Data records
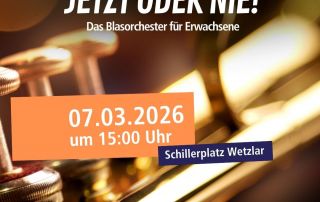 Das Blasorchester „Jetzt oder Nie!“ der Wetzlarer Musikschule Lahn-Dill ist am 7. März 2026 auf dem Schillerplatz zu erleben. Das Orchester ist Teil des Kulturprogramms beim "Fest der Demokratie". Anlass für das vom Demokratiebündnis Lahn-Dill veranstaltete Fest ist die Kommunalwahl am 15. März. Im letzten Jahr konnte das Blasorchester „Jetzt oder Nie!“ sein 10-jähriges Bestehen feiern. Seit der Gründung im Jahr 2015 finden sich engagierte, erwachsene Musikerinnen und Musiker regelmäßig zusammen, um gemeinsam zu proben und aufzutreten. In den vergangenen ...
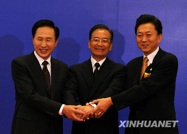 新華網(wǎng)北京10月10日電(記者廖雷、戰(zhàn)艷、干玉蘭)第二次中國、日本、韓國領導人會議10日在北京人民大會堂舉行。中國國務院總理溫家寶、韓國總統(tǒng)李明博、日本首相鳩山由紀夫出席會議。會議由溫家寶主持。在友好、務實的氣氛中,三國領導人回顧總結了中日韓合作10年歷程,展望規(guī)劃了三國合作的未來,并就共同關心的國際和地區(qū)問題深入、坦誠地交換了看法,達成廣泛共識。
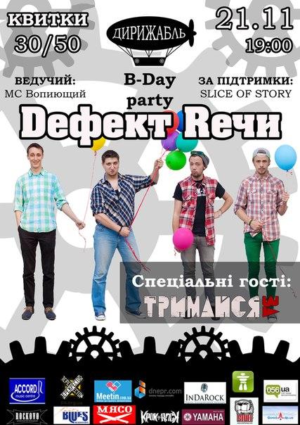 И вновь мы с Вами собираемся ради знаменательного события! Мы будем праздновать пятилетие самого позитивного коллектива Днепропетровска, группы Dефект Rечи! И ребята вновь готовы поведать Вам невероятно истории, которые произошли с ними в течение года в своем неповторимом стиле!
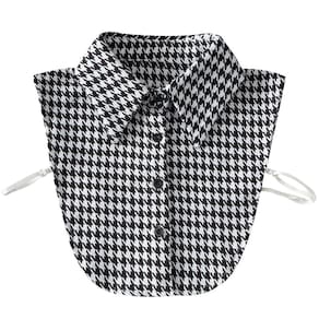 Gola falsa, gola removível em preto e branco, camisa meio falsa com estampa Houndstooth, gola sintética clássica com botões para mulheres e meninas, elegante inserção de camisa em camadas para suéter e jaqueta Material: Outro tamanho: Nenhum Peso: Nenhum
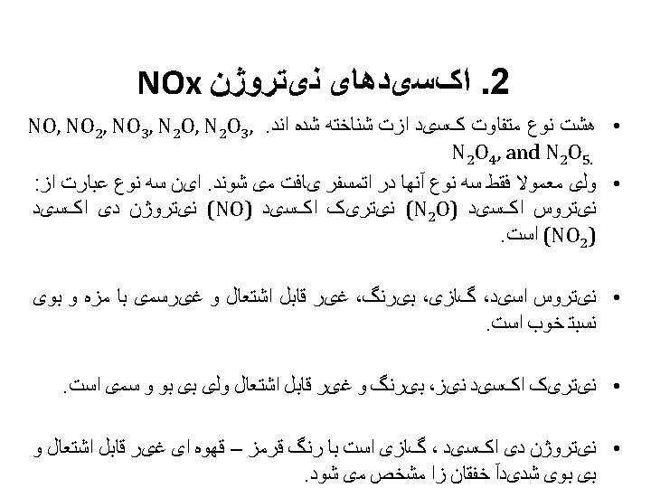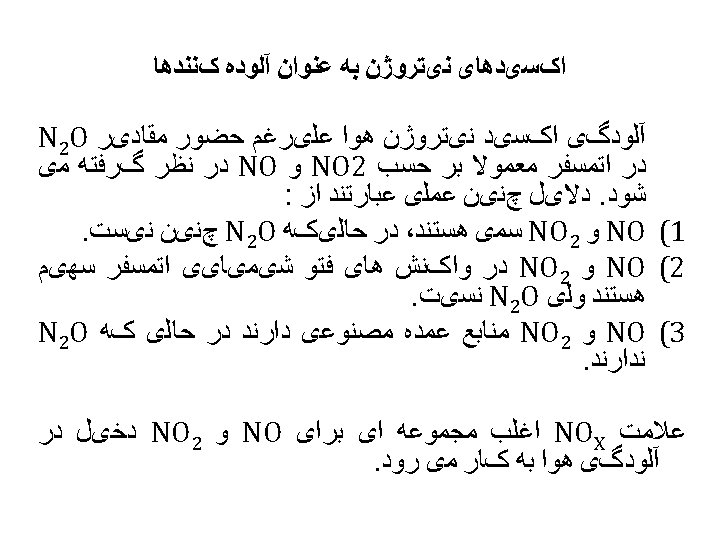 • Sulfur oxides can damage trees. • Sulfurous pollutants can discolor paint, corrode metals, and cause organic fibers to weaken. • Airborne Sulfates reduce visibility and discolor the atmosphere. • Prolong exposure to Sulfates cause serious damage to building marble, limestone and mortar, as the carbonates (e. g. limestone, Ca. CO 3) in these materials are replaced by sulfates. • Ca. CO 3 +H 2 SO 4 → Ca. SO 4 + CO 2 + H 2 O.
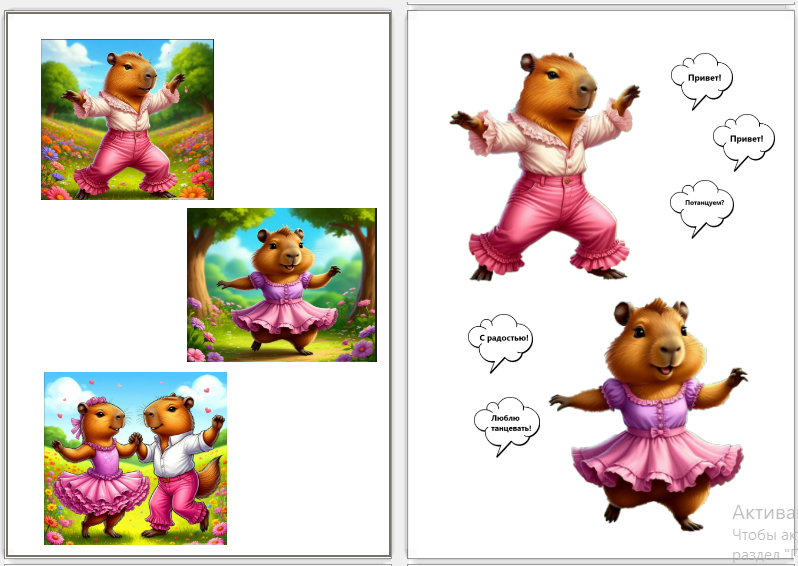 Игровой ролевой набор "Танцующие капибары" для детей дошкольного возраста в формате OpenDocument (ODF). Включает в себя 3 страницы с картинками мило танцующих капибар. Использовать для игры вырезалки, скрапбукинга, наклейки, постеры.
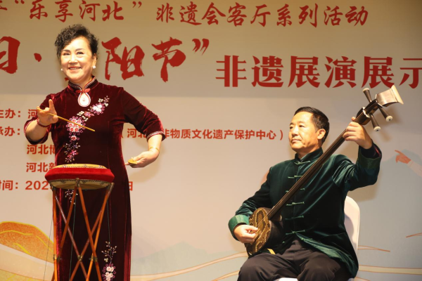 当天上午,“福瑞重阳・民俗雅韵”曲艺专场展演开演。鼓书唱盛世,曲苑敬重阳,木板大鼓、西河大鼓、乐亭大鼓、梨花大鼓、河南坠子等5个曲艺类国家级非遗代表性项目轮番呈现,传承人登台献艺,尽显燕赵文化风采。木板大鼓浑厚粗犷,西河大鼓简洁苍劲,乐亭大鼓“九腔十八调”婉转独特,梨花大鼓伴奏三弦显地域特色,河南坠子以乡音叙情韵味独特。曲目以“尊老敬老”为主题,以艺术形式弘扬传统美德、传递重阳温情。
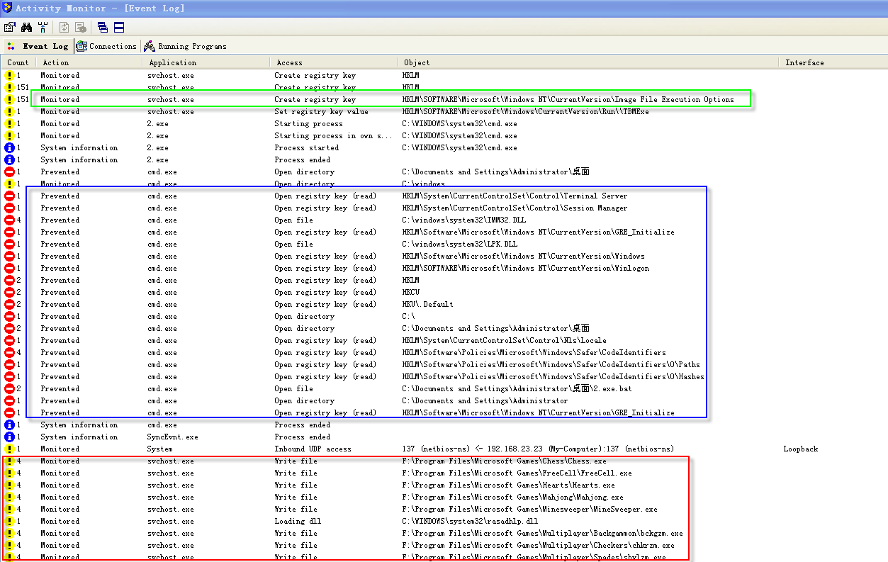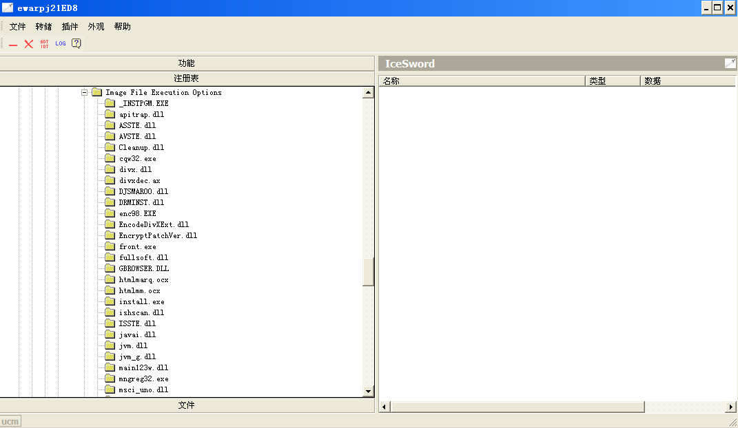 图1中蓝框显示的是:更动TINY的规则后病毒读写硬盘及注册表的动作受限;绿框显示的是:病毒的一个IFEO劫持动作没有漏监,但IFEO劫持项并未写入注册表内,且IceSword可以不受病毒影响,正常方式运行(见图2);红框显示的病毒的文件感染动作也没因此有漏监。
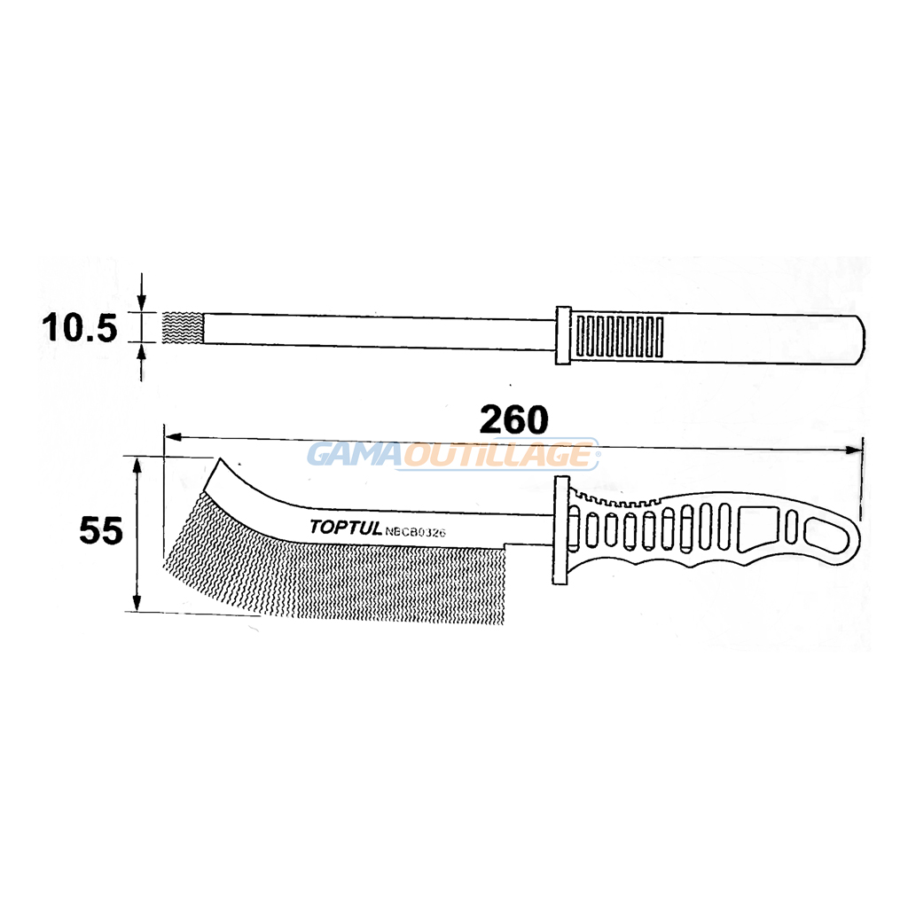 - Dimensions de la brosse : (L) 260 x (l) 10,5 x (H) 55 mm
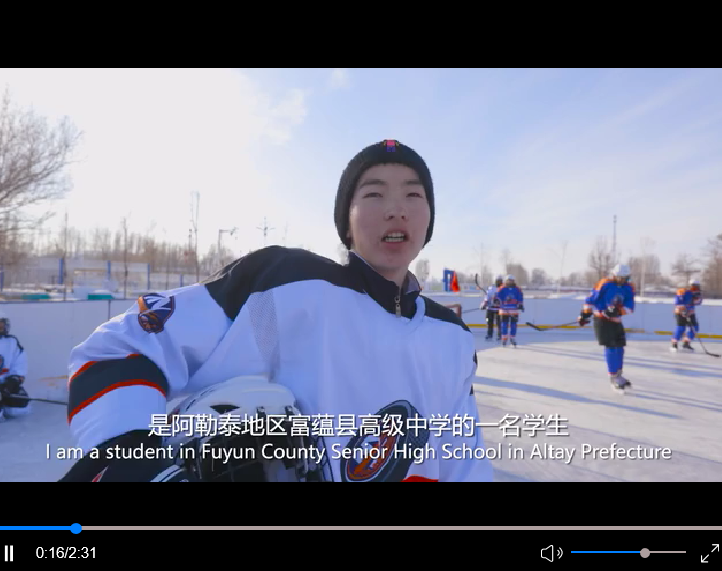 吾拉哈提·別依斯別克是阿勒泰地區(qū)富蘊縣高級中學的一名學生,也是冰球隊的一名隊員。他平時會在縣體育館訓練冰球,和隊友們一同訓練一同嬉鬧非常快樂。
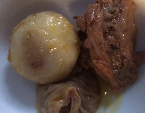 在巷子卡卡里面,是个老居民楼坝子,搭了几个棚。鸡和肥肠搭配在一起,格外的好吃。里面的芋儿耙惨了又好吃。晚上去也是要排队。
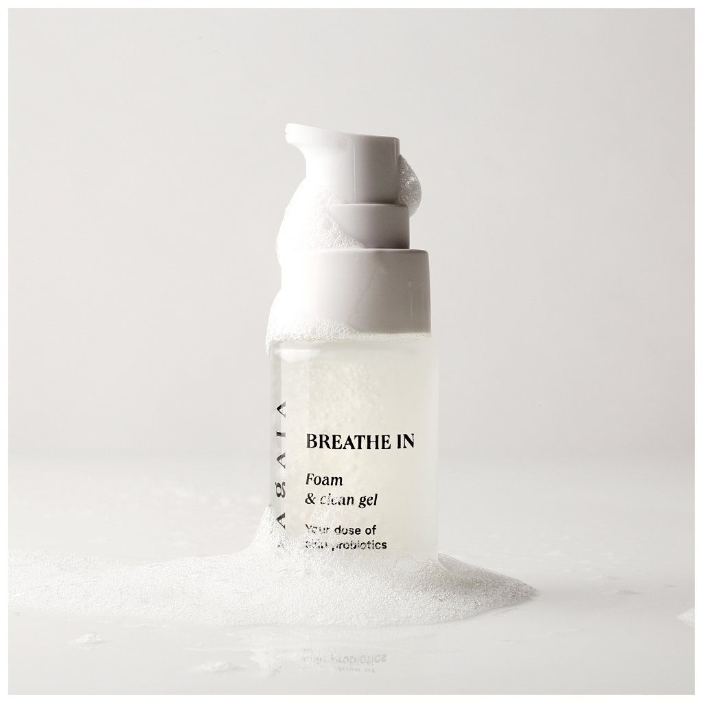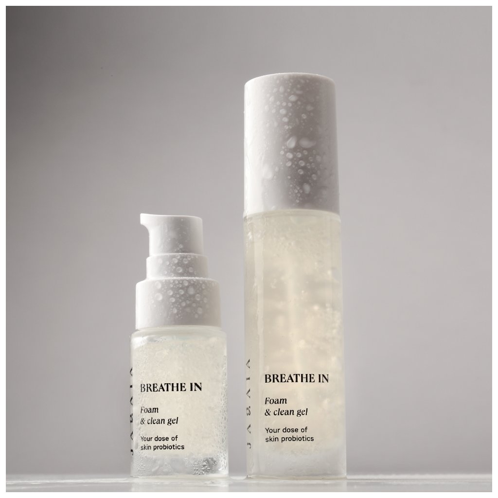 Čistící gel Breathe in je velmi jemný a šetrný k pokožce. Jeho složení je nabité fermenty a probiotiky, efektivně si poradí s odstraněním make-upu, nečistot a špíny na pleti, aniž by narušoval přirozenou bariéru kůže.

▶ Your objective
Without the pictures, return the whole of the data exactly as given.

▶ Worked solution
 Das Blasorchester „Jetzt oder Nie!“ der Wetzlarer Musikschule Lahn-Dill ist am 7. März 2026 auf dem Schillerplatz zu erleben. Das Orchester ist Teil des Kulturprogramms beim "Fest der Demokratie". Anlass für das vom Demokratiebündnis Lahn-Dill veranstaltete Fest ist die Kommunalwahl am 15. März. Im letzten Jahr konnte das Blasorchester „Jetzt oder Nie!“ sein 10-jähriges Bestehen feiern. Seit der Gründung im Jahr 2015 finden sich engagierte, erwachsene Musikerinnen und Musiker regelmäßig zusammen, um gemeinsam zu proben und aufzutreten. In den vergangenen ...
 新華網(wǎng)北京10月10日電(記者廖雷、戰(zhàn)艷、干玉蘭)第二次中國、日本、韓國領導人會議10日在北京人民大會堂舉行。中國國務院總理溫家寶、韓國總統(tǒng)李明博、日本首相鳩山由紀夫出席會議。會議由溫家寶主持。在友好、務實的氣氛中,三國領導人回顧總結了中日韓合作10年歷程,展望規(guī)劃了三國合作的未來,并就共同關心的國際和地區(qū)問題深入、坦誠地交換了看法,達成廣泛共識。
 И вновь мы с Вами собираемся ради знаменательного события! Мы будем праздновать пятилетие самого позитивного коллектива Днепропетровска, группы Dефект Rечи! И ребята вновь готовы поведать Вам невероятно истории, которые произошли с ними в течение года в своем неповторимом стиле!
 Gola falsa, gola removível em preto e branco, camisa meio falsa com estampa Houndstooth, gola sintética clássica com botões para mulheres e meninas, elegante inserção de camisa em camadas para suéter e jaqueta Material: Outro tamanho: Nenhum Peso: Nenhum
 • Sulfur oxides can damage trees. • Sulfurous pollutants can discolor paint, corrode metals, and cause organic fibers to weaken. • Airborne Sulfates reduce visibility and discolor the atmosphere. • Prolong exposure to Sulfates cause serious damage to building marble, limestone and mortar, as the carbonates (e. g. limestone, Ca. CO 3) in these materials are replaced by sulfates. • Ca. CO 3 +H 2 SO 4 → Ca. SO 4 + CO 2 + H 2 O.
 Игровой ролевой набор "Танцующие капибары" для детей дошкольного возраста в формате OpenDocument (ODF). Включает в себя 3 страницы с картинками мило танцующих капибар. Использовать для игры вырезалки, скрапбукинга, наклейки, постеры.
 当天上午,“福瑞重阳・民俗雅韵”曲艺专场展演开演。鼓书唱盛世,曲苑敬重阳,木板大鼓、西河大鼓、乐亭大鼓、梨花大鼓、河南坠子等5个曲艺类国家级非遗代表性项目轮番呈现,传承人登台献艺,尽显燕赵文化风采。木板大鼓浑厚粗犷,西河大鼓简洁苍劲,乐亭大鼓“九腔十八调”婉转独特,梨花大鼓伴奏三弦显地域特色,河南坠子以乡音叙情韵味独特。曲目以“尊老敬老”为主题,以艺术形式弘扬传统美德、传递重阳温情。
 图1中蓝框显示的是:更动TINY的规则后病毒读写硬盘及注册表的动作受限;绿框显示的是:病毒的一个IFEO劫持动作没有漏监,但IFEO劫持项并未写入注册表内,且IceSword可以不受病毒影响,正常方式运行(见图2);红框显示的病毒的文件感染动作也没因此有漏监。
 - Dimensions de la brosse : (L) 260 x (l) 10,5 x (H) 55 mm
 吾拉哈提·別依斯別克是阿勒泰地區(qū)富蘊縣高級中學的一名學生,也是冰球隊的一名隊員。他平時會在縣體育館訓練冰球,和隊友們一同訓練一同嬉鬧非常快樂。
 在巷子卡卡里面,是个老居民楼坝子,搭了几个棚。鸡和肥肠搭配在一起,格外的好吃。里面的芋儿耙惨了又好吃。晚上去也是要排队。
 Čistící gel Breathe in je velmi jemný a šetrný k pokožce. Jeho složení je nabité fermenty a probiotiky, efektivně si poradí s odstraněním make-upu, nečistot a špíny na pleti, aniž by narušoval přirozenou bariéru kůže.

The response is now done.